Empezando después de su graduación en 1998, había trabajado durante varios años en el Hospital East York General, luego había fundado su propia compañía de equipamiento biomédico. También en 1998, él y Cathy Churchill, todavía muy enamorados, se habían casado. Cathy había renunciado a su interés por la química; Peter todavía no entendía por qué. En su lugar, ella trabajaba ahora en una posición no creativa para la agencia de publicidad Doowap Advertising.
Y cada viernes, después del trabajo, Cathy y sus compañeros de trabajo salían a tomar una copa. En realidad, como descubrió Sandra, aunque se referían a sus intenciones en singular, la realidad era definitivamente plural: copas. Y al final de la tarde, varios de ellos siempre se las arreglaban para conjugar con éxito la forma verbal: beber, bebió, bebido… en ocasiones en la variedad de rezarle al dios de porcelana.
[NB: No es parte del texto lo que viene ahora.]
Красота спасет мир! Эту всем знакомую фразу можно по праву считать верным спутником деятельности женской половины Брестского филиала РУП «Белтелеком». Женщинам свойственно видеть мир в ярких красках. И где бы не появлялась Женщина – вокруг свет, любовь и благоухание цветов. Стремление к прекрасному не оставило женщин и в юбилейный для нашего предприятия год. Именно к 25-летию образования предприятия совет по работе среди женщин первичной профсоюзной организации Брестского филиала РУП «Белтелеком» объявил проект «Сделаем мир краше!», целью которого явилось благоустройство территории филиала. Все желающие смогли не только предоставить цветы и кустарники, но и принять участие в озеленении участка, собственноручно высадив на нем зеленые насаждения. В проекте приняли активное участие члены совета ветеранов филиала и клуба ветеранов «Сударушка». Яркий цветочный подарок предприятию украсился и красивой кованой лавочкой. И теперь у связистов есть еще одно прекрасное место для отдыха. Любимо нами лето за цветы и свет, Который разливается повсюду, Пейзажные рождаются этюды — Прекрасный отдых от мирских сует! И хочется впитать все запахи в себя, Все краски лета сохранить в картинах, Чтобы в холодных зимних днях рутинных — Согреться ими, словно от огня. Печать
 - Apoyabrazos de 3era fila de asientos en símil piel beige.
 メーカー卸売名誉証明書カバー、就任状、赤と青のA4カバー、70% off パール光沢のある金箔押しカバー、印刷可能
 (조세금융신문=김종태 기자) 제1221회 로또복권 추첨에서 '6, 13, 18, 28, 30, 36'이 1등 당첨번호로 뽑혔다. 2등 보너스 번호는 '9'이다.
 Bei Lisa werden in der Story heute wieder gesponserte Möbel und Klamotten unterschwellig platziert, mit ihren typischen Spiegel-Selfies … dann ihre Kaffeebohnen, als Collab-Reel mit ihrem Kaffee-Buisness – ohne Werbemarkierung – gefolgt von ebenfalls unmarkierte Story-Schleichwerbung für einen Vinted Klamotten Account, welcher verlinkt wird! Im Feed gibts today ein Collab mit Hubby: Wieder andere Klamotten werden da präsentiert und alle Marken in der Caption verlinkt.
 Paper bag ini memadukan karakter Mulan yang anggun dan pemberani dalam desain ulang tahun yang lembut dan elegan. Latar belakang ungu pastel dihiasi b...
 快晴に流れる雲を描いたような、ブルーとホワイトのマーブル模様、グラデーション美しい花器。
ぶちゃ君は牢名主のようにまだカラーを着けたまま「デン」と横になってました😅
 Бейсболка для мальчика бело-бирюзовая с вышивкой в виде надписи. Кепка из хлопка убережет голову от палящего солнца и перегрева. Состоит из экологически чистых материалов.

Hacía frío y estaba oscuro, una tarde típica de febrero en Toronto. Peter recorría las siete calles desde el edificio de cuatro plantas de Hobson Monitoring hasta The Bent Bishop. Los colegas de Cathy no eran realmente de su gusto, pero sabía que para ella era importante que él apareciese. Aun así, Peter intentaba siempre llegar después de todo el mundo; lo último que quería hacer era mantener una charla insustancial con un contable o un director artístico. Había algo superficial en el mundo de la publicidad, algo que le repelía.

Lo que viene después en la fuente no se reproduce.